Figure 5. Simply localizing PDZ3 to the plasma membrane rescues the loss of SAP97 phenotype

Panel A. Western blots showing that an active pSUPER RNAi construct knocks down SAP97 but not GluA1. Panel B. Quantitative dendrite analysis indicates that endogenous SAP97 provides a limiting amount of substrate for palPDZ3 to operate upon.

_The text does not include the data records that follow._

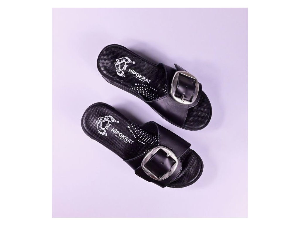 Štýlové dámske celokožené šľapky s mäkkou výstelkou, anatomicky tvarované na podporu klenby, priečnej klenby, prstov a masážnym bodom v päte. Priehlavok je na funkčnú pracku, dá sa nastaviť na ideálnu výšku priehlavku.
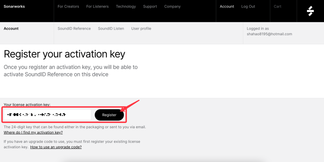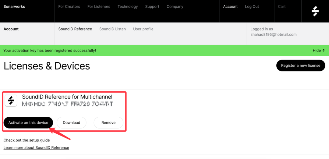 登录后会进入你的Sonarworks个人主页,点击上图右上角红框所示Register a new license按钮,注册你的SoundID多通道版本软件序列号。
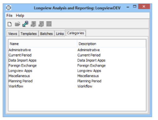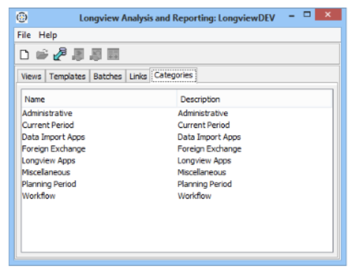 - Open the Longview Analysis and Reporting dialog, and click the Categories tab. A list of categories appears.
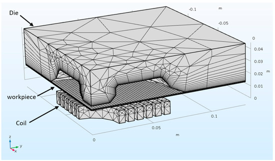 Mesh of EMF closed die for the electromagnetic forming of AA6061-T6.
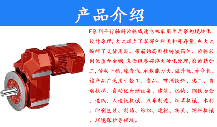 F系列平行軸斜齒輪減速電機采用單元架構模塊化設計原理,大大減少了零部件種類和庫存量,也大大縮短了交貨周期。帶筋的高剛性鑄鐵箱體、齒輪采用優(yōu)質臺金鋼,表面經(jīng)滲碳淬火硬化處理,磨齒精加工,傳動平穩(wěn),噪音低,承載能力大,溫升低,壽命長。該產(chǎn)品廣泛用于輕工、食品、啤酒飲料、化工、自動扶梯、自動化倉儲設備、建筑、機械、鋼鐵冶金、造紙、人造板機械、汽車制造、煙草機械、水利、印刷包裝、制藥、紡織、建材、物流、飼料機械、環(huán)境保護等領域。

Figure 6. GluA1 is required for the dendrite growth promoting effects of SAP97

Panel A. Western blots showing that an active pSUPER RNAi construct knocks down GluA1 but not SAP97 or GluA2. Panel B. Quantitative dendrite analysis inciates that knockdown of GluA1 reduces dendritic branching and overall tree size compared to controls and prevents dendrite growth evoked by overexpression of SAP97. Panel C. Quantitative dendrite analysis indicates that GluA1 is required for SAP97-dependent dendrite growth both because it localizes SAP97 to synapses and because it provides agency. The nature of this second activity is likely to be linked to calcium permeability (Jeong et al., 2006).